The article is quoting a report called State of the Nation, published by Roy Morgan research, and is based on a decade of interviews.

From the article:

“… there are few hints of a counter-culture among today’s young adults. More than half of the under-30s agree with the statement “I enjoy clothes shopping,” and more than a quarter agree with the statement “I was born to shop”. Almost as many would eat out every night, if they could afford it. Not surprisingly, they are much more likely than their elders to go to the cinema, eat out, go to a nightclub, buy fast food, go to a pub or even visit a music store. They like to spend their money on travel and technology, particularly mobile phones, which will come as no surprise to anyone, especially the phone companies, which are making lots of money out of them. The Morgan research finds that 91 per cent of the under-30s have mobile phones (perhaps the more surprising finding is that 9 per cent of them do not) and that they spend $54 a month on them, compared with $45 for 30- to 44-year-olds. They also like to buy computers, and plasma and LCD televisions. And travel.”

You can read the full article here:

Pain in the assets: generation Y’s lost years


4 responses to “Consumption and Generation Y

  1. There are 9% of us without mobiles? That makes me hardly unique then. So you can all stop giving me stick about that.

    So better educated, in debt for longer, bouncing from job to job and held there by increasingly ageing and wealthy boomers. Sounds like the life.

  2. dan for as long as you can get away with it – stay away from the mobiles!

    yeah … it sounds like a pretty peachy picture doesn’t it! hmmmm … damn boomers have gorged on free energy and oil and leaving us with the effing bill.

  3. It sucks. And I get all guilty about driving down the coast for a few days at the end of semester due to climate change, on my bike all during it. Yet they could drive everywhere (with a free education to boot) for 50c a litre and not a care in the world. If only. And they try and tell us we’ve got it easy now.

  4. (as an aside, i’ve made you an editor of this blog now so i shouldn’t have to approve your comments anymore! and you should be able to create posts, etc.)

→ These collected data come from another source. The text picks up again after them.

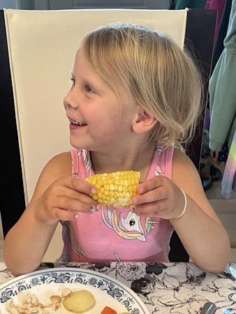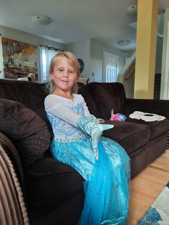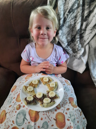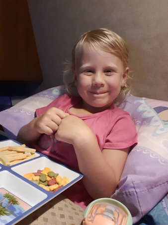 She is watching a movie in our bedroom with grand-maman. Treats are required too.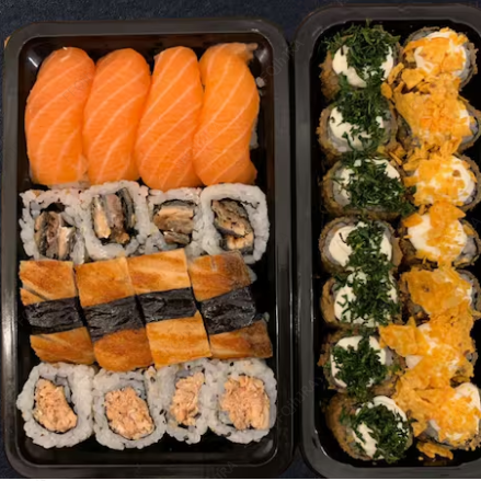 O combo contém Hot Doritos (4 unidades), Hot Couve (4 unidades), Uramaki Sweet (8 unidades), Niguiri de Kani (8 unidades), Uramaki California (8 unidades), Uramaki Skin (8 unidades), Niguiri de Salmão (8 unidades) e Niguiri Skin (8 unidades). Não acompanha shoyu, teriyaki, porta shoyu e hashi. Não realizamos modificações no combo. #japonesa #chinesa #shoyu #salmão #camarão #sushi #yakisoba #temak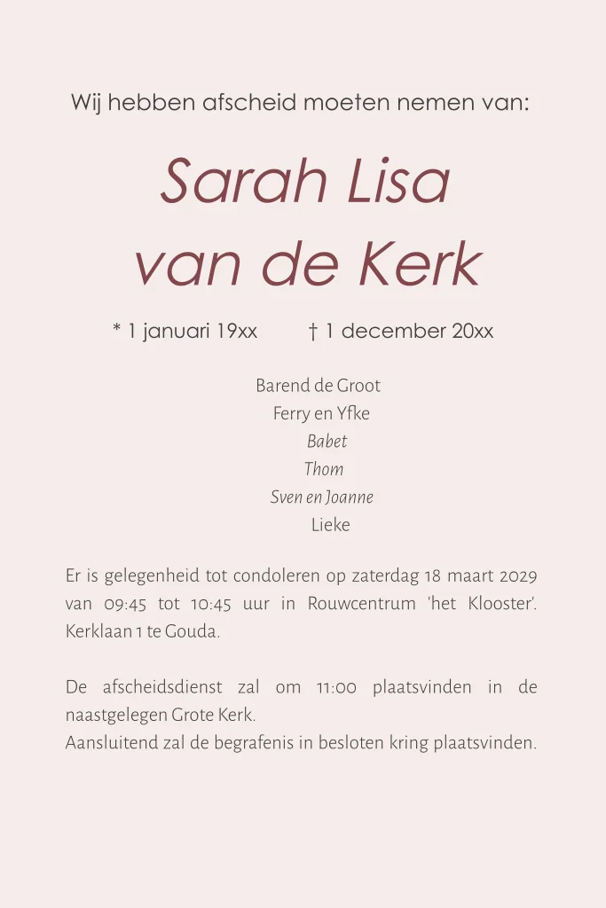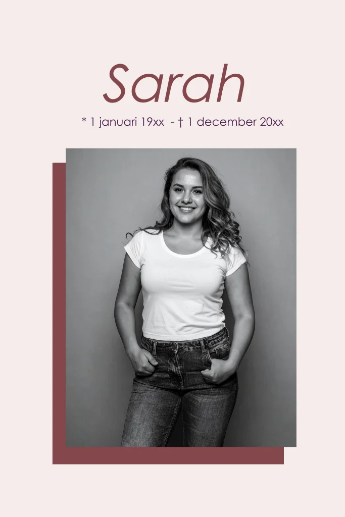 Een moderne rouwkaart voor een vrouw met een kleurenvlak en ruimte voor het plaatsen van een eigen foto.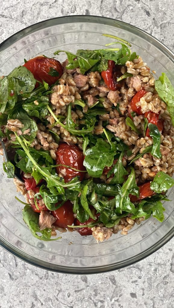 Farro Salad with Tuna, Roasted Cherry Tomatoes, and Arugula – Fresh and Light for Summer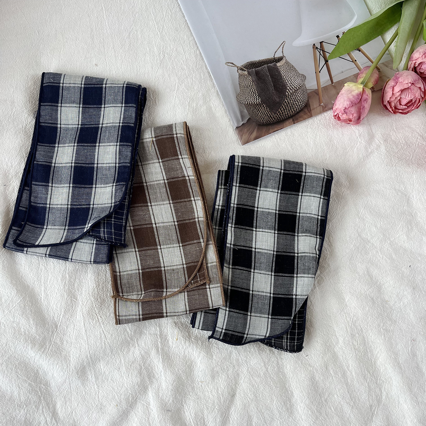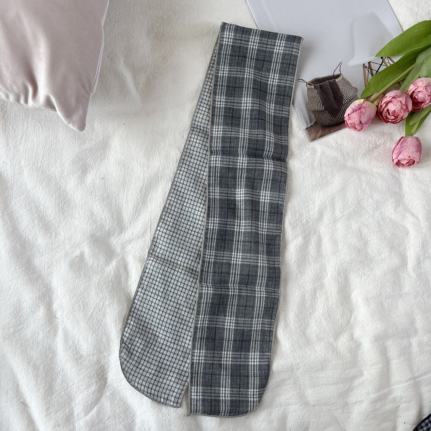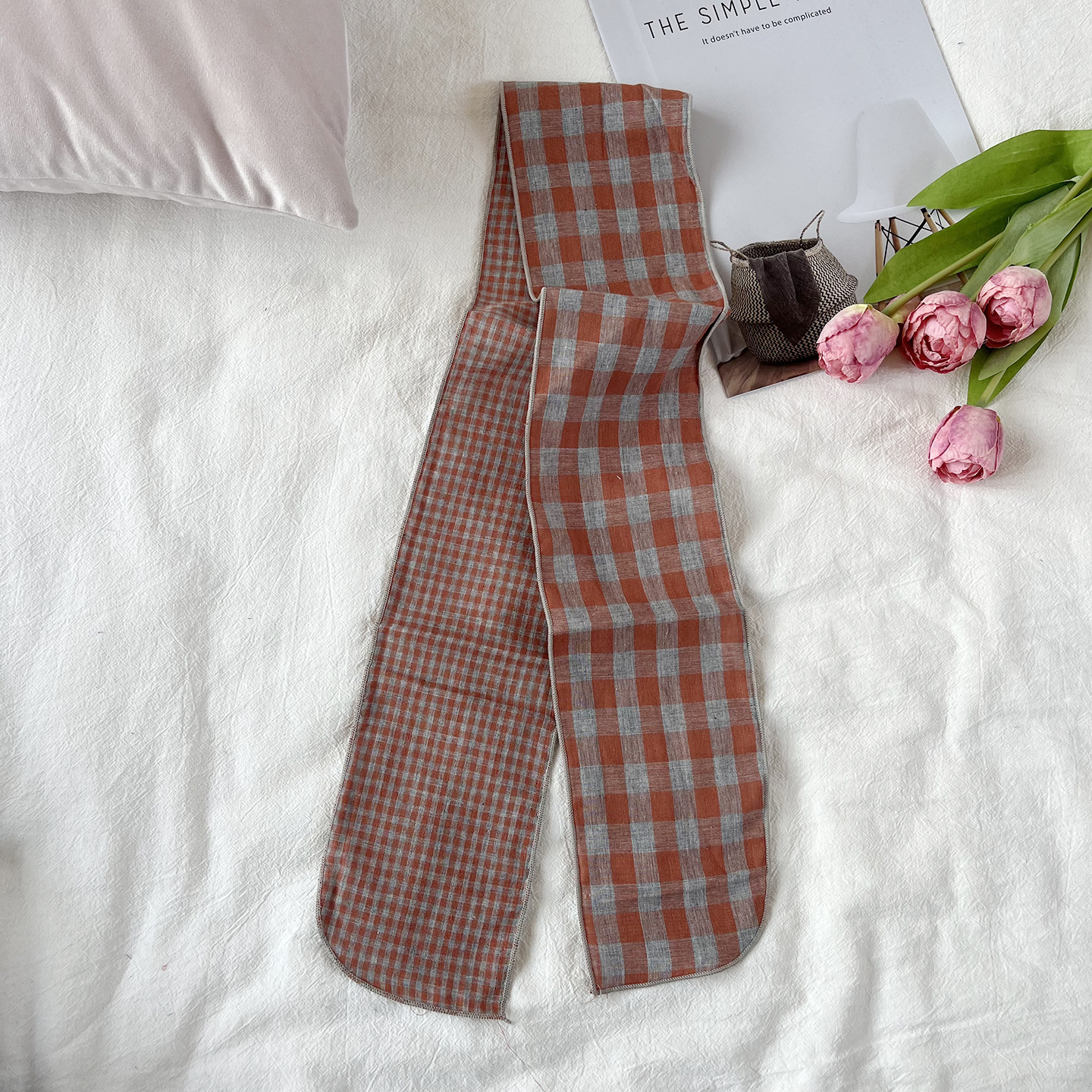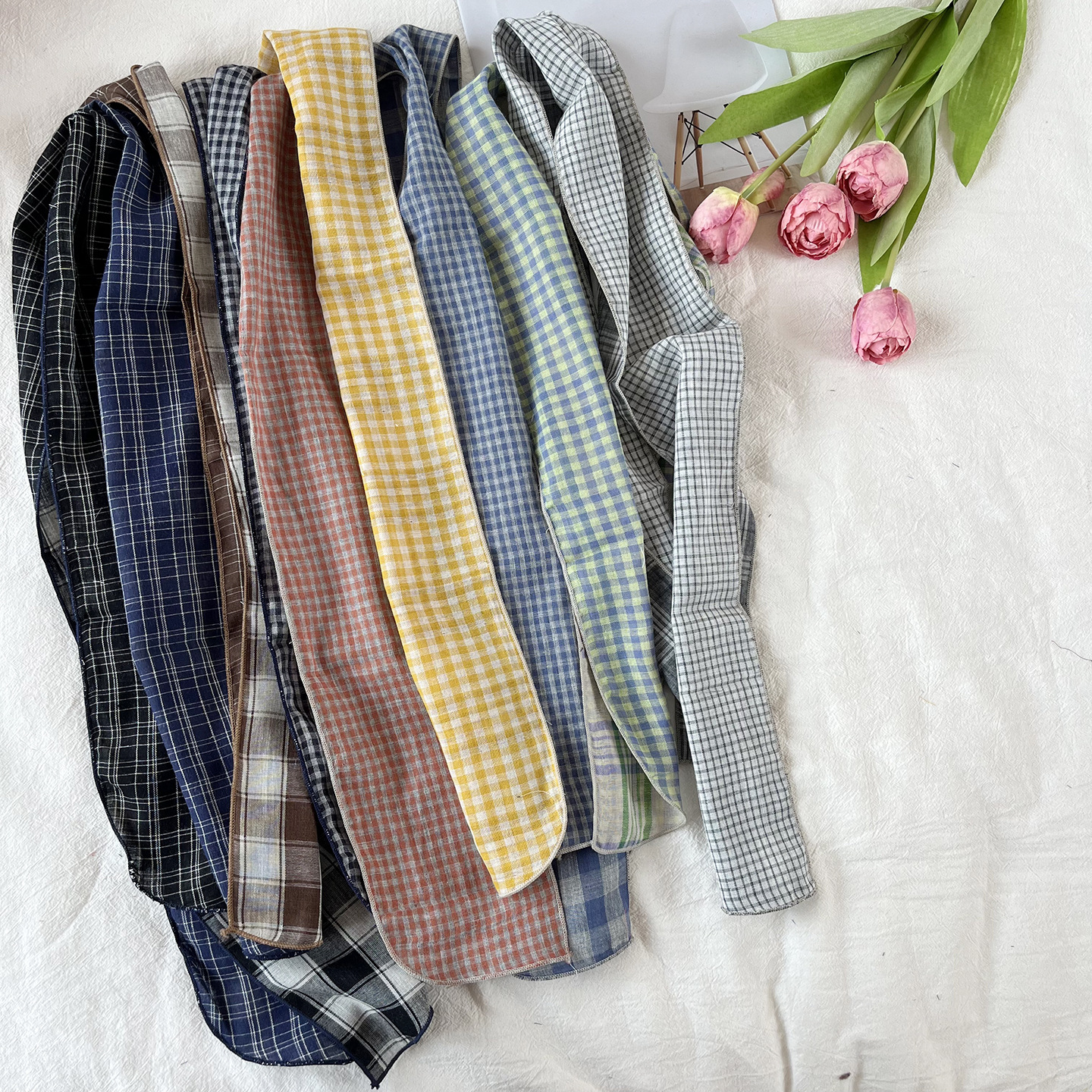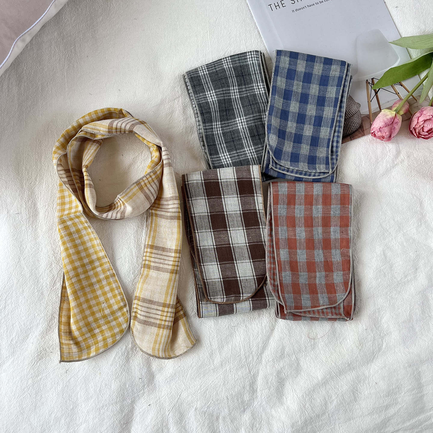 한국 복고풍 순면 양면 격자 무늬 실크 스카프 봄과 가을 얇은 다용도 넥 데코레이션 스카프 틈새 디자인 리본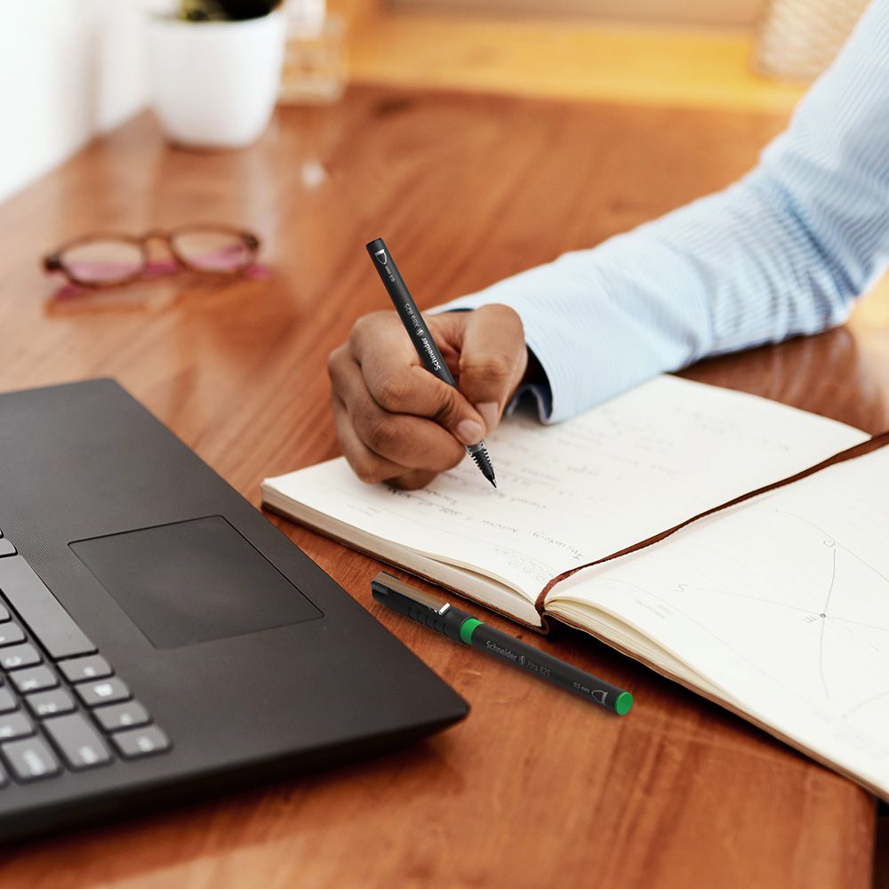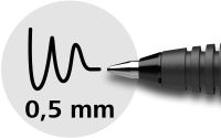 Rollerball with innovative Liquid-Ink technology and wear-resistant stainless steel tube tip, line width approx. 0.5 mm. An ink regulator controls the ink flow exactly and consistently from beginning to end, without blots or skips. The large ink reservoir has a level indicator and every drop of ink is used. The cap-off ink does not run dry even if the cap is removed for 2-3 days. The cap has a sturdy metal clip and fits neatly on the end of the barrel.

    i understand what you mean. it would be so easy just to be effing angry and aggressive and nihilistic in the style of fightclub … we’ve inherited a system and world that was not of our making that is crumbling, crap and is going to cause us a great deal of pain in fixing up. it is not our fault yet we are left picking up the bill and having to do the hard yards. there is certainly a temptation to give them all the big finger and tear down everything they have created. maybe that is just me.